- Activity -
Would you repeat the data below exactly, taking out the images?

- Exercise data -
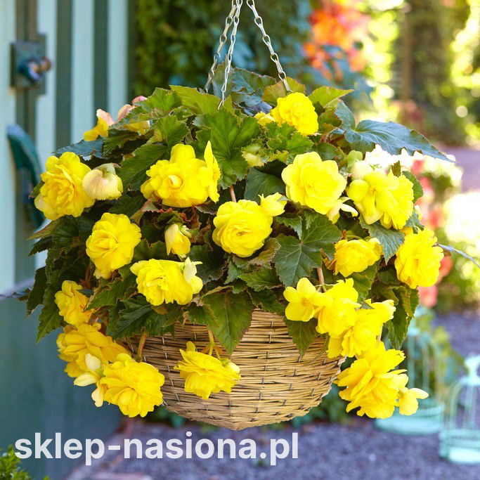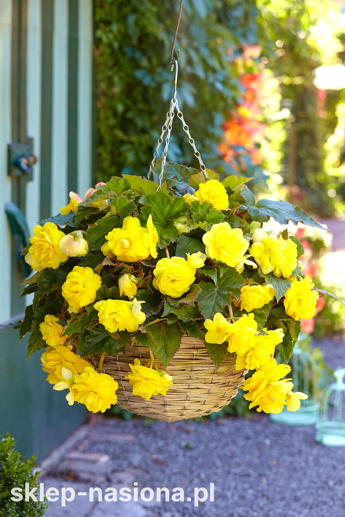 Begonia zwisająca żółta to odmiana o przewieszających się pędach, obsypanych jasnożółtymi, pełnymi kwiatami. Jest wprost idealna do uprawy doniczkowej – w pojemnikach o ciekawej formie wygląda naprawdę uroczo.
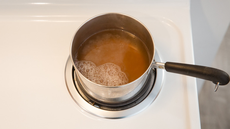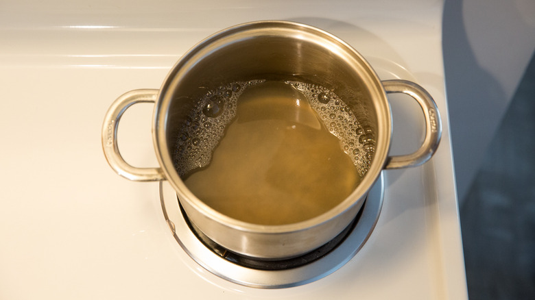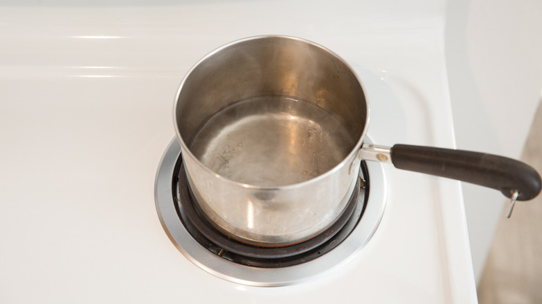 - Bring the water to a boil in a small pot, and then remove it from the heat.
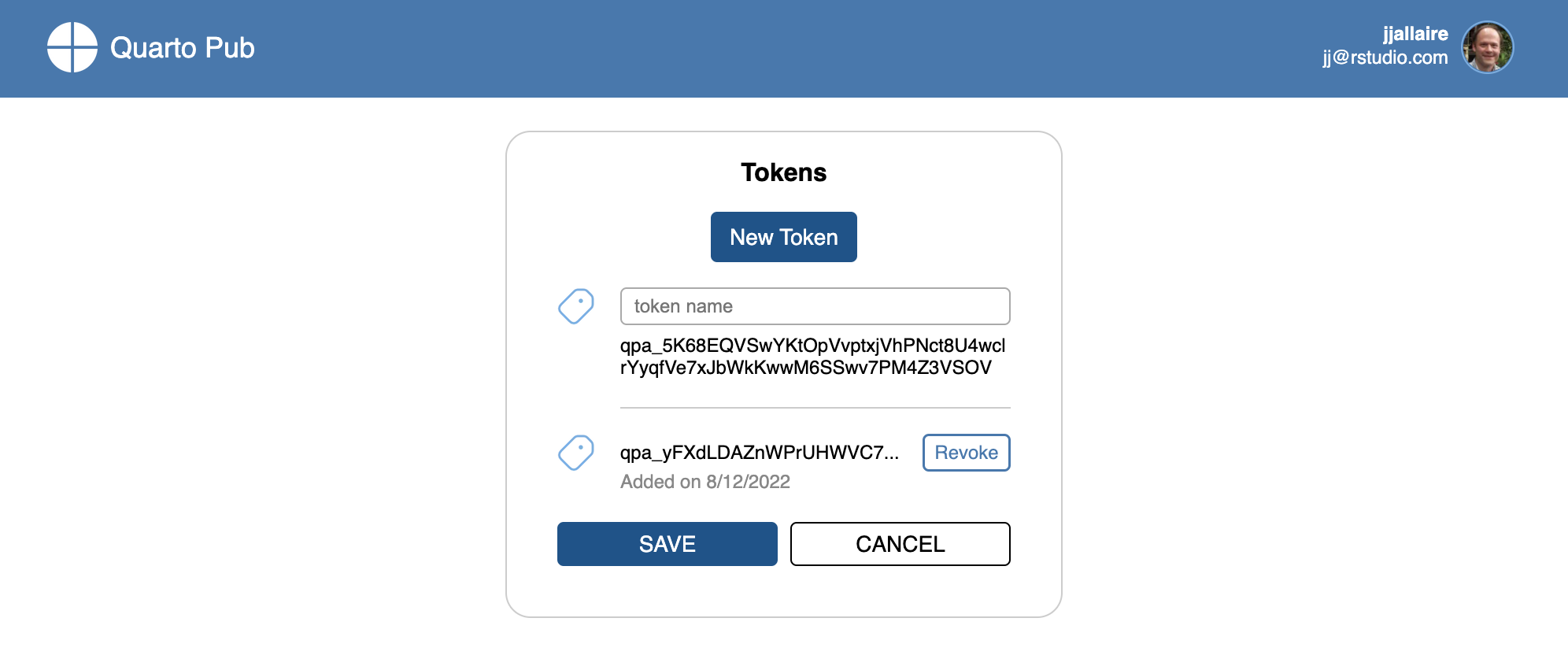 Within this interface you’ll see any token you’ve created from the Quarto CLI. You may revoke this token if you no longer wish it to be active. Click the New Token button to create additional tokens that can be used for publishing non-interactively (e.g. from a CI service):

- Result of this exercise -
 Begonia zwisająca żółta to odmiana o przewieszających się pędach, obsypanych jasnożółtymi, pełnymi kwiatami. Jest wprost idealna do uprawy doniczkowej – w pojemnikach o ciekawej formie wygląda naprawdę uroczo.
 - Bring the water to a boil in a small pot, and then remove it from the heat.
 Within this interface you’ll see any token you’ve created from the Quarto CLI. You may revoke this token if you no longer wish it to be active. Click the New Token button to create additional tokens that can be used for publishing non-interactively (e.g. from a CI service):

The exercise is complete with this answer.